***** MATERIAL SHOWN
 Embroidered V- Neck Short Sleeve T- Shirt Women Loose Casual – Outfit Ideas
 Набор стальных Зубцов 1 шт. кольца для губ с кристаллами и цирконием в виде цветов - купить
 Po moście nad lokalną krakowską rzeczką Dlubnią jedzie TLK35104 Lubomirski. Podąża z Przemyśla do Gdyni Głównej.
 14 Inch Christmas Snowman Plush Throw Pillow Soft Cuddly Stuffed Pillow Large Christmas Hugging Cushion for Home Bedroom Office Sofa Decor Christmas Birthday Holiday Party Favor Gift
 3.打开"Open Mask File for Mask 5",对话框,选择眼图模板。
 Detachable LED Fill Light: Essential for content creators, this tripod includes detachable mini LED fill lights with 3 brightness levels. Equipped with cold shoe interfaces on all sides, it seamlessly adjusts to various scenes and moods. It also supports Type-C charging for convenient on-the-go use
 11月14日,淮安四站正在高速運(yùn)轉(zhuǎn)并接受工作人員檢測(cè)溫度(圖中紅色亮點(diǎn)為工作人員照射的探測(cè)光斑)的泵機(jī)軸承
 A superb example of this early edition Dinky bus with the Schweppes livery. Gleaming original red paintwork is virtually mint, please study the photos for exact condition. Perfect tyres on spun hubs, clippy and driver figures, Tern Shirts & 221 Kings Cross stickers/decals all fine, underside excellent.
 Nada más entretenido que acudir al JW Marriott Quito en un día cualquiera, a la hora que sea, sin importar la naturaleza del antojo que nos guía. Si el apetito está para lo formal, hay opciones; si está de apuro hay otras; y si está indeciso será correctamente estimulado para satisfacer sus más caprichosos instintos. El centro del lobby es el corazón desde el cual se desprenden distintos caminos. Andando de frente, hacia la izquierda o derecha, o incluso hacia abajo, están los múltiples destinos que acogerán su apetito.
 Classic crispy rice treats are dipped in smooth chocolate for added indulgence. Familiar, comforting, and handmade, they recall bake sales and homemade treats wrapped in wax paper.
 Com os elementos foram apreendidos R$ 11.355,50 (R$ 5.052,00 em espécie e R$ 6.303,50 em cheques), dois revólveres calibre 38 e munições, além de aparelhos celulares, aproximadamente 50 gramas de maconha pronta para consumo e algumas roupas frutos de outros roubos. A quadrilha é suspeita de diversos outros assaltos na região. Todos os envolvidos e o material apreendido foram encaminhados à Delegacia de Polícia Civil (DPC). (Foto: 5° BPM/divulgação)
**********
EXERCISE: The answer is the line with "Classic crispy rice" plus every line after it, printed exactly as they appear above.

RESULT:
 Classic crispy rice treats are dipped in smooth chocolate for added indulgence. Familiar, comforting, and handmade, they recall bake sales and homemade treats wrapped in wax paper.
 Com os elementos foram apreendidos R$ 11.355,50 (R$ 5.052,00 em espécie e R$ 6.303,50 em cheques), dois revólveres calibre 38 e munições, além de aparelhos celulares, aproximadamente 50 gramas de maconha pronta para consumo e algumas roupas frutos de outros roubos. A quadrilha é suspeita de diversos outros assaltos na região. Todos os envolvidos e o material apreendido foram encaminhados à Delegacia de Polícia Civil (DPC). (Foto: 5° BPM/divulgação)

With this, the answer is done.